The Timberwolves ended up having a very quiet trade deadline this year, making no moves after turning over the bulk of their roster leading up to last year's deadline.
No deals, but did the Timberwolves lay groundwork for a John Collins trade?
The timing made less and less sense for a deal with Atlanta as the deadline approached. But that doesn't mean talks can't resume in a couple months.
Their position is defensible: With Karl-Anthony Towns, D'Angelo Russell and Malik Beasley missing a big chunk of this season and barely having a chance to play together along with rookie Anthony Edwards, not to mention a mid-season coaching change in a year with a condensed schedule, they want to use the final 20-25 games when Beasley is back and Russell is presumably healthy to have some stability and evaluate their full roster and vision.
On Friday's Daily Delivery podcast, Chris Hine and I broke down the wisdom of that approach, with the counterbalance being that at 10-34 the Wolves have the NBA's worst record and need roster upgrades regardless of what they think of their core of players.
If you don't see the podcast player, click here to listen.
One gets the sense, though, that even though the Wolves didn't make any deals this year, the same won't hold true this summer after they have finished their season and know what they have.
President Gersson Rosas has some core principles that guide his roster building, and one of those beliefs is that the trade market is among the primary ways to upgrade this team.
Stitching together a couple other things he said Thursday after the deadline about the need to get a power forward and the type of player they covet — combined with the actions of Rosas in the past — lead me to wonder if the Wolves will continue to aggressively pursue a trade for Atlanta's John Collins in the offseason.
"We've shown signs of potential, but we've also shown signs of failure," Rosas said. "I've been focused on making sure that we can get a front-line guy — a guy that is an upgrade to what we have, if we can't develop it internally."
Collins arguably falls into that "front-line" category.
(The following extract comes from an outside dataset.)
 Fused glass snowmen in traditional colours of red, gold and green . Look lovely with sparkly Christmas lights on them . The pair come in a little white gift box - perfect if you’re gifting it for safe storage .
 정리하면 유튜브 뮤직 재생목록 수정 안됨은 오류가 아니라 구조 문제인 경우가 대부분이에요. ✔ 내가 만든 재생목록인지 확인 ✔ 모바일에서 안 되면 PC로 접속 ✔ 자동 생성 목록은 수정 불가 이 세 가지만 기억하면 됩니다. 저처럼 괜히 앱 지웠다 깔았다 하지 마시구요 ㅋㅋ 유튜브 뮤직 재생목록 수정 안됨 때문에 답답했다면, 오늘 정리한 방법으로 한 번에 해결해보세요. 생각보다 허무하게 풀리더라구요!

He will be a restricted free agent this offseason and will command in excess of $20 million per season. The Hawks were willing to part with him a few weeks ago, but then they went on a winning streak and it started to make more sense that they would ride this year out, make the playoffs and then reassess his future.
Collins would be an excellent candidate for a sign-and-trade between the Hawks and Wolves. Atlanta controls his rights as a restricted free agent, but they already have a lot of money invested in Danilo Gallinari at power forward and Clint Capela at center in each of the next two seasons. Keeping Collins long-term doesn't make sense given their choices, but a sign-and-trade in the offseason would allow them to recoup some assets instead of just letting him walk.
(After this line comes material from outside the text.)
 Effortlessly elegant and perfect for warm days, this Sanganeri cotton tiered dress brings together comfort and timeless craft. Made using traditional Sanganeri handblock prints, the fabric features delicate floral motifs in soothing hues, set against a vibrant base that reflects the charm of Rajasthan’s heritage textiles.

It might make more sense for the Wolves at that point, too, since Collins will be on a heftier deal instead of the $4 million final year of his rookie deal as he is now. That contract makes him a bargain, but it also makes it harder to match salaries.
The Wolves need to be mindful of the luxury tax threshold, and a trade for Collins as a $20-25 million a year player might actually be more feasible because they could more easily send out salary in return (like, say, what will be Ricky Rubio's expiring deal, a young player and a draft pick. It's instructive to note that our Chris Hine reported via a source that the Wolves had an offer for Rubio at the deadline but declined it).
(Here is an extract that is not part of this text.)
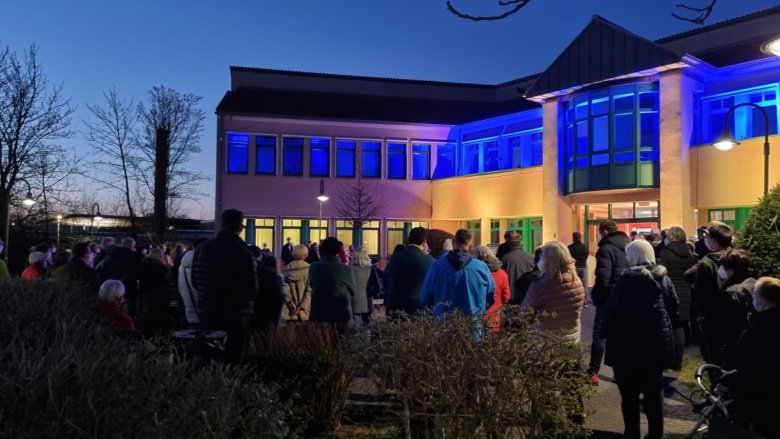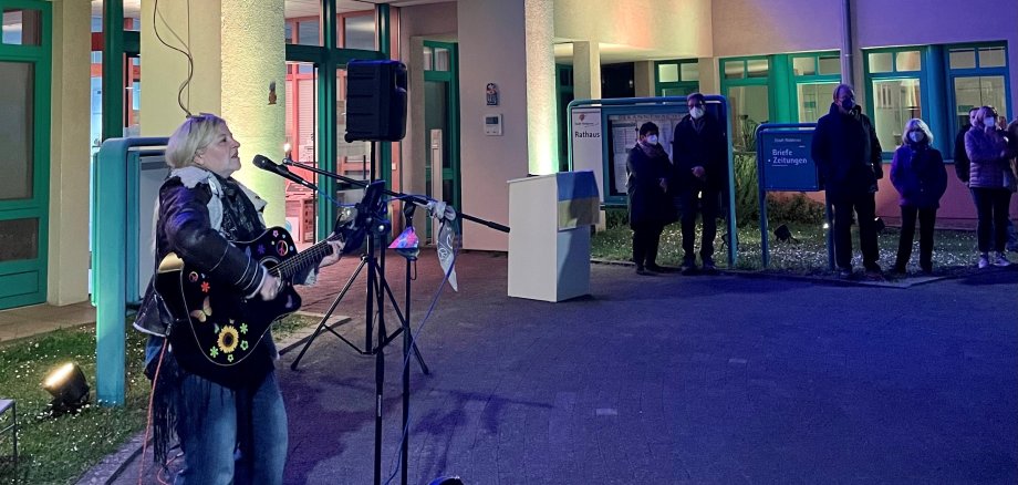 Ihrem Wunsch nach Frieden, Solidarität und Mitmenschlichkeit verliehen über 100 Nidderauerinnen und Nidderauer am Dienstag erneut vor dem blau-gelb beleuchteten Nidderauer Rathaus gemeinsam Ausdruck. Am 27. Kriegstag in der Ukraine kamen sie auf Initiative von Bürgermeister Andreas Bär und Stadtverordnetenvorsteher Jan Jakobi zu einem bewegenden Friedenskonzert mit der Songwriterin und Friedensbotschafterin Dannyjune Smith zusammen.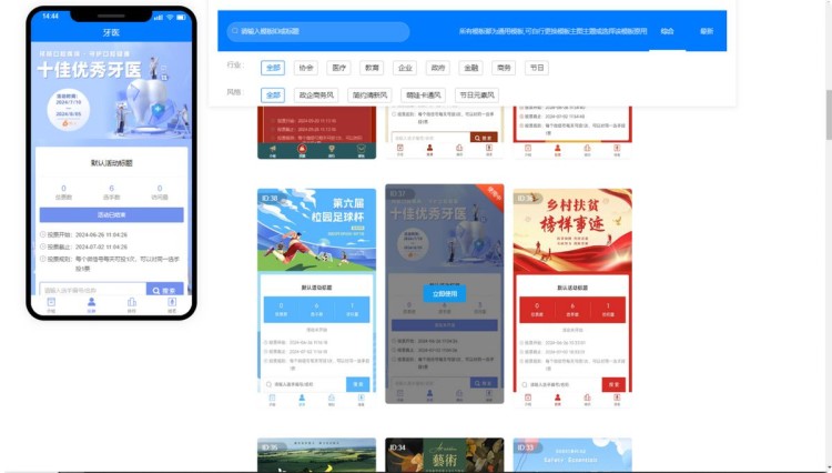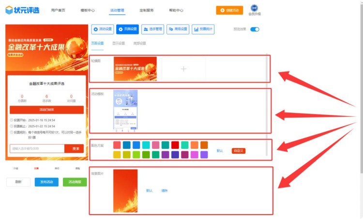 第二步,登录后,系统会自动跳转至活动后台。在【模板中心】,选择合适的模板样式,如知识产权十大事件、创业之星等。

And they would be able to bring him in long-term, as opposed to the 12 months or so they would have been guaranteed of Aaron Gordon had they pursued that trade at the deadline.
In short, this is starting to feel like the Russell pursuit all over again. The Wolves coveted Russell in free agency in 2019 and made a strong pitch. He signed with Golden State in what seemed like a placeholder move, and just months later the Wolves acquired him in exchange for Andrew Wiggins and a top-3 protected pick.
That move had two key elements that could be replicated with Collins: 1) A pursuit that started a long time ago, with groundwork laid long before it finally came to fruition and 2) Ultimately acquiring a coveted player via a trade and salary match that kept the Wolves' books in better balance.
By this summer, the Wolves will hopefully know more about a core built around Towns, Russell, Edwards and to a degree Beasley (though he would be a candidate to be traded as well). They will know if they are keeping their 2021 lottery pick or if they owe it to Golden State.
And the Hawks likely will have made the playoffs — something of value for a franchise that has missed the postseason three years in a row — but fizzled out quickly, leaving them more easily to consider a future without Collins.
In the short-term, Wolves fans are left with nothing but the hope that the return of Russell and Beasley sparks competitive play — but maybe not competitive enough to lose their lottery pick.
Remember: the odds are the same if the Wolves finish with the worst, second-worst or third-worst record: 40% they keep it (top three), 60% they lose it. If they have the fourth-worst record, it's 36.6%. Fifth-worst? 31.6%. And so on.
They'd have to leap-frog a lot of teams to get out of the bottom three, since the team with the fourth-worst record (Orlando) has five more wins than the Wolves do.
So there's at least a chance to finesse everything: The best odds of keeping that pick, a real look at their core players with tangible improvement and a path to a summer where they can acquire another piece in Collins.
It would require the threading of a needle for an organization that has a hard enough time putting a ball in a basket, but that's about the best plan they have at the moment.